Each Document contains a .page_content attribute that holds the text and a .metadata attribute that stores metadata (like file path).
output exmpl : [Document(page_content="This is the text from your file...", metadata={"source": "your_text_file.txt"})]

Why Use loader.load()?
loader.load() is necessary because it reads the text file and converts it into a Document object that LangChain can process.
Without calling loader.load(), you won't have any text data to work with inside LangChain.



2️⃣ text_splitter = CharacterTextSplitter(chunk_size=200, chunk_overlap=20)
What it does:
Creates a CharacterTextSplitter object that will be used to split the text into chunks.
chunk_size=200 → Each chunk will have a maximum of 200 characters.
chunk_overlap=20 → Each chunk will overlap by 20 characters with the previous one.
Why is chunking needed?
Large texts can be too big for processing in memory or passing to models.
Splitting keeps context while preventing input limits from being exceeded.

3️⃣ texts = text_splitter.split_documents(documents)
What it does:

Splits the text inside each Document into multiple smaller chunks.
Returns a list of new Document objects, each containing a chunk of text.

output exmpl : Original text: "This is an example of a long text document that needs to be split..."

Chunk 1: "This is an example of a long text document that needs to be split..."
Chunk 2 (overlapping): "...document that needs to be split into smaller parts..."

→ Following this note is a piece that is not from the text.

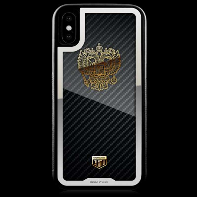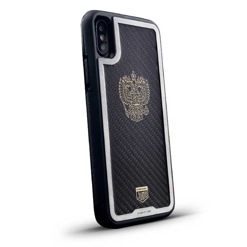 Эксклюзивный чехол Jumo Case для iPhone X/Xs, карбон, стальная рамка, никель с позолотой 24К, «Герб РФ»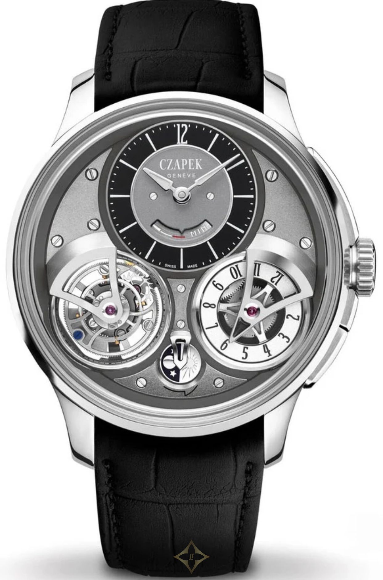Czapek Place Vendome Titanium Edition Ombres. he Place Vendome is a collection dedicated to exceptional watchmaking projects. From its first models, the Tourbillon Suspendu Ici et Ailleurs featuring a tourbillon and a second time zone indication, to the double escapement Complicite in collaboration with Bernhard Lederer, this line celebrates the best of fine watchmaking.

**Step 2: Initialize language model and extract knowledge graph**

After loading and preprocessing the text data, the next step is to initialize a language model and use it to extract a knowledge graph from the text chunks

In [2]:
from langchain_ollama import OllamaLLM
from langchain_experimental.graph_transformers.llm import LLMGraphTransformer

# Instantiate the Ollama LLM with Llama 3.2
model = OllamaLLM(model="llama3.2")

# Extract Knowledge Graph
llm_transformer = LLMGraphTransformer(llm=model)
graph_documents = llm_transformer.convert_to_graph_documents(texts)

**How it works**

1) Processing: LLM-Based Graph Extraction
LLMGraphTransformer reads the text and identifies entities (people, companies, roles, etc.).
It extracts relationships (who works where, what a company does, etc.).
It converts the extracted knowledge into graph documents.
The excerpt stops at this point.